Senior leaders in Silicon Valley are among the best-educated, most sophisticated, and savviest executives you’ll find anywhere. Yet over the course of placing senior high-tech leaders in new positions over the past 14 years, I’ve seen far too many make fundamental mistakes that cast a cloud over their leaving their old employers.
The consequences range from the distasteful to the disastrous: hurt feelings, lasting resentment from former colleagues, blame for harming the company, and — worst of all — a reputation for thoughtlessness that can damage a career.
It’s painful to witness, and it begs the question: If they can’t get it right, who can?Other than the admonition to resign diplomatically, little detailed advice has been available about how to leave one’s current company the right way. Even less research has been done on leaving well. To close that gap, my firm undertook a national survey of more than 700 senior executives and human resources officers. Only 16% of the senior executives reported that they would have done nothing differently the last time they voluntarily resigned. Here are their top three regrets and what you can do to avoid their mistakes:
Being unprepared to be fired on the spot. You never know how much resentment your departure might evoke, or how harsh the response might be. In the worst-case scenario, you could be fired on the spot and escorted from the building immediately. Especially if you’re going to a competitor, don’t be surprised if your resignation turns into a termination. Almost all of a representative sample of senior executives and chief human resources officers we interviewed to supplement our survey said that someone leaving for a competitor would be terminated immediately.
Nevertheless, if you are going to a competitor, say so. Being less than forthright will only compound the resentment when you’re inevitably found out and saddle you with a reputation for evasiveness. Tell your current company that you are crystal clear about your obligations to them and that you have already talked about the issues with your new company.
Take every precaution to avoid the suspicion that you might be taking valuable data, technical information, or customer information with you.

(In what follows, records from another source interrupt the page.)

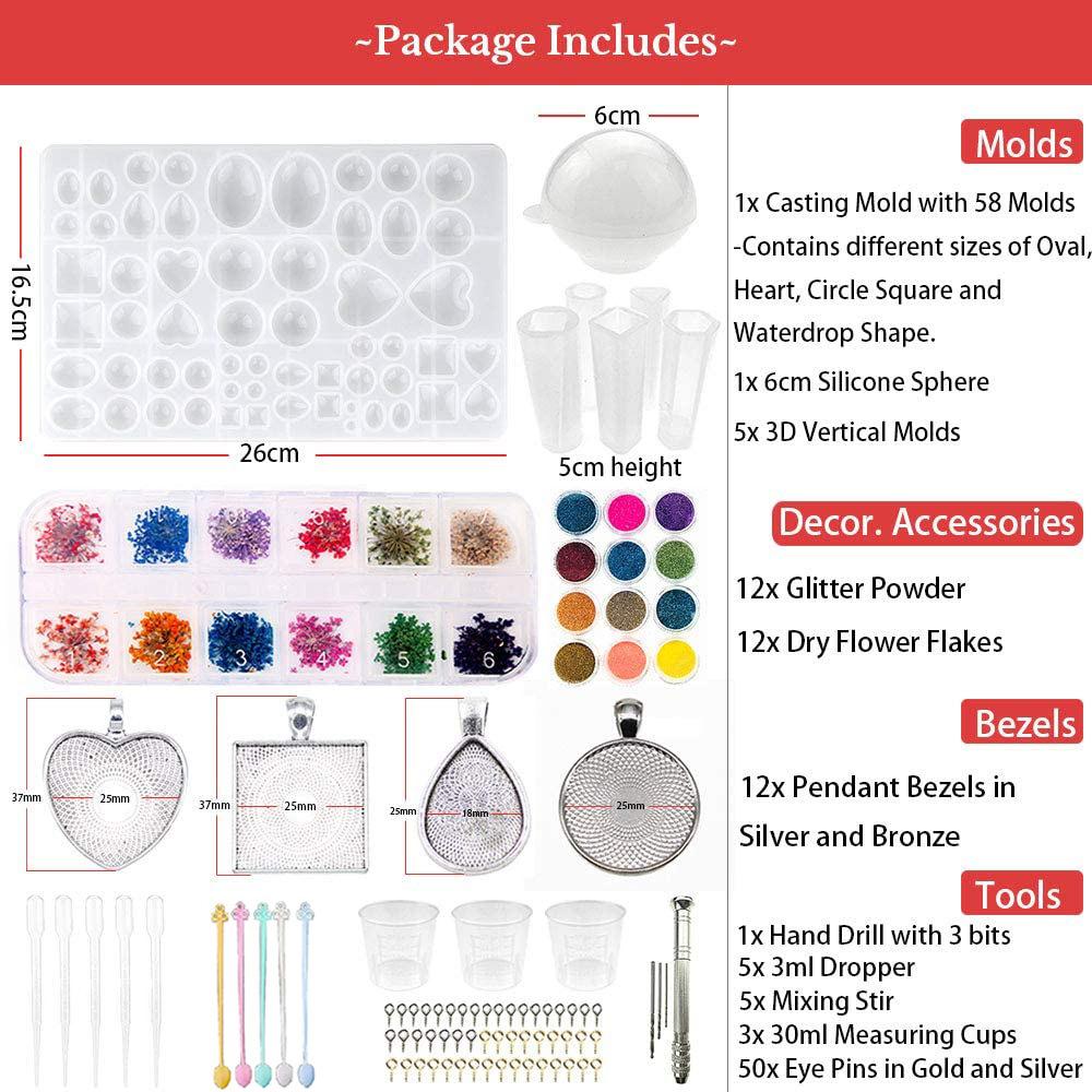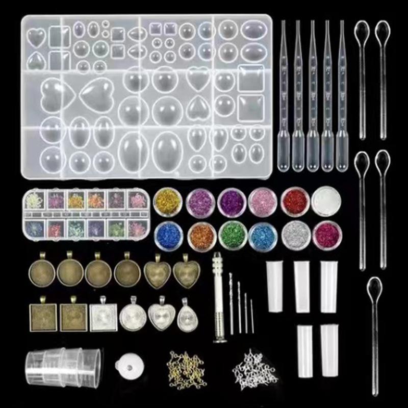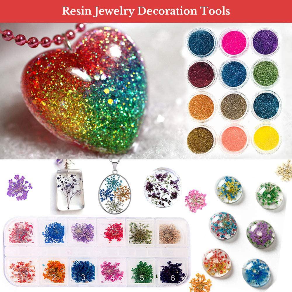 Molde de silicona para colgante de flor seca, collar y joyería, con 107 y 61 piezas de gemas de cristal
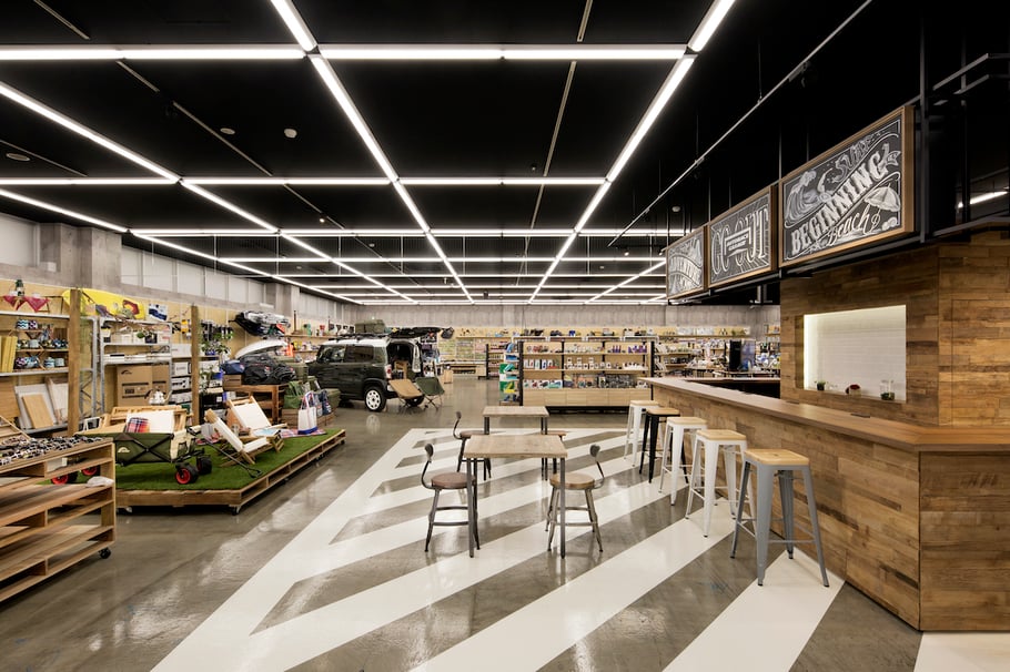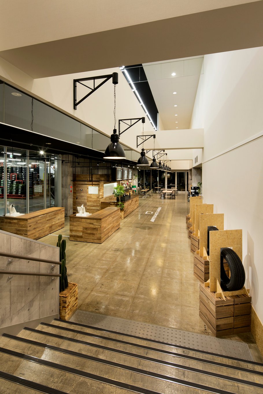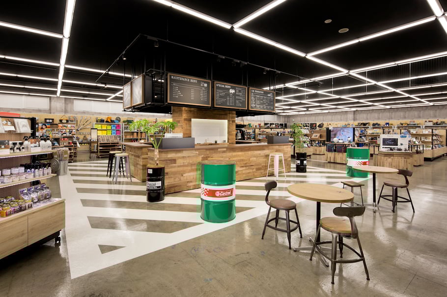 既存の店舗から商品構成も含め大幅リニューアルした店舗は、ガレージカフェをイメージし、あまり車に詳しくないユーザー層でも気軽に来店しやすくなっている。オフィス・エコーでは店舗づくりのコンセプトおよび企画から設計・デザインディレクション、インテリア計画を担当。
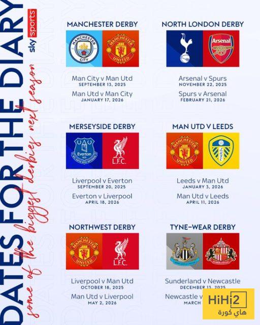هاي كورة – أعلنت رابطة الدوري الإنجليزي عن مواعيد أبرز المواجهات الكلاسيكية والديربيات المنتظرة في الموسم الجديد، وهذه أبرزها:
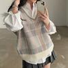 Ärmellose Weste Weste kariert übergroß Frühling Herbst Damen Pullover Pullover Strickwaren Tops

That means resisting the natural inclination to transfer or delete files from your computer that you regard as personal or of no consequence to the business. If you want to transfer some personal files, do it in front of an HR person. And don’t erase company files, because under forensic examination (if it comes to that) it can look fishy.
Neglecting to rehearse. The second most frequently cited regret was failing to confidentially rehearse the explanation for departure with a trusted advisor. It’s not just a matter of being tongue-tied. The inability to explain clearly and reasonably to a boss or colleague why you’re leaving can lead to hurt feelings and misunderstandings, and it can open the door to protracted and painful attempts to talk you into staying when your mind is made up.
Before springing your decision on your boss, go first to a trusted advisor to get coaching and another perspective.
This critical initial conversation will give you the opportunity to talk through your personal and professional reasons for leaving and how you plan to mitigate the effects on colleagues and the company. It will also give you an initial reaction to your decision. Your mentor may make you aware of implications you had not considered, such as timing or the reaction of a key colleague you had overlooked. Your mentor may also be able to suggest the best way to approach your boss with the news.
The effects of resignation ripple outward from your boss to your colleagues and the company as a whole.
Foreseeing all of those effects can be challenging, so it’s not surprising that shortsightedness in that respect was the third most frequently cited regret in our survey.In looking at our data, we found that when it comes to analyzing the likely effects of their resignations, executives typically fall into one of three categories: those who focus on the optimal timing of their departures (38%), those who focus on relationships (31%), and those who take an unsystematic, scattershot approach, improvising as they go (30%).